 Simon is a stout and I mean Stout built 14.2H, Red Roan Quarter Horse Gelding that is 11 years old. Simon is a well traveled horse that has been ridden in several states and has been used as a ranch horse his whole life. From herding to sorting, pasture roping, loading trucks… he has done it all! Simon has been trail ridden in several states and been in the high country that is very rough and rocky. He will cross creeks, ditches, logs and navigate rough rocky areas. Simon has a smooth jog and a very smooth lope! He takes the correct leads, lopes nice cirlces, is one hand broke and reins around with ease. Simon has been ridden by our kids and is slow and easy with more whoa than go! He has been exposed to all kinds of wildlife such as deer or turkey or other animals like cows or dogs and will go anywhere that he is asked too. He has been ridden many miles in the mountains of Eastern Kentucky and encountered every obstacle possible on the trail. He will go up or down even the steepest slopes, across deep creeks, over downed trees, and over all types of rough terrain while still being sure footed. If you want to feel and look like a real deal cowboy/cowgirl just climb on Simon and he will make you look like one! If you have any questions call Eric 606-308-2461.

☆ ☆ ☆ ☆

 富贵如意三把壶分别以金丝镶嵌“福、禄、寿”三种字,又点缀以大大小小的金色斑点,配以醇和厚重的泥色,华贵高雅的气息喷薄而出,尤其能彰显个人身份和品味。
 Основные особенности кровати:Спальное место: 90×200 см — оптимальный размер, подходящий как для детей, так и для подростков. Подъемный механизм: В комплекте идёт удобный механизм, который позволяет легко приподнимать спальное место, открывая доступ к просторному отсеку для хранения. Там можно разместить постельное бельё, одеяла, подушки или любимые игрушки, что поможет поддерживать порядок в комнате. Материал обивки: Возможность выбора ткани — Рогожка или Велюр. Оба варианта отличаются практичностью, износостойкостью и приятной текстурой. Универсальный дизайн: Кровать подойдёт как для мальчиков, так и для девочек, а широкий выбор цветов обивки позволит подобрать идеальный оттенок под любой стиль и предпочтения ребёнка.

☆ ☆ ☆ ☆

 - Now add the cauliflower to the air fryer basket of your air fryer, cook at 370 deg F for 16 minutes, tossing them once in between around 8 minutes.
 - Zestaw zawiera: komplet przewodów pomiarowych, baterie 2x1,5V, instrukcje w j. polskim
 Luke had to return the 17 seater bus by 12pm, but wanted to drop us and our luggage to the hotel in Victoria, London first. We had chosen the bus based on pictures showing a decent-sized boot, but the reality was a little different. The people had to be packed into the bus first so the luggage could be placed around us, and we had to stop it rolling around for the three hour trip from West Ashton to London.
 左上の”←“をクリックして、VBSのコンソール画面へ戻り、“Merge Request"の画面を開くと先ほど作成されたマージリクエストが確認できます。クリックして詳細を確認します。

☆ ☆ ☆ ☆

• _YOUR TASK_
Output exactly one stretch of the listing: from the line containing "- Now add the" through the line containing "- Zestaw zawiera: komplet", both end lines included.

• _RESPONSE FOR THIS EXERCISE_
 - Now add the cauliflower to the air fryer basket of your air fryer, cook at 370 deg F for 16 minutes, tossing them once in between around 8 minutes.
 - Zestaw zawiera: komplet przewodów pomiarowych, baterie 2x1,5V, instrukcje w j. polskim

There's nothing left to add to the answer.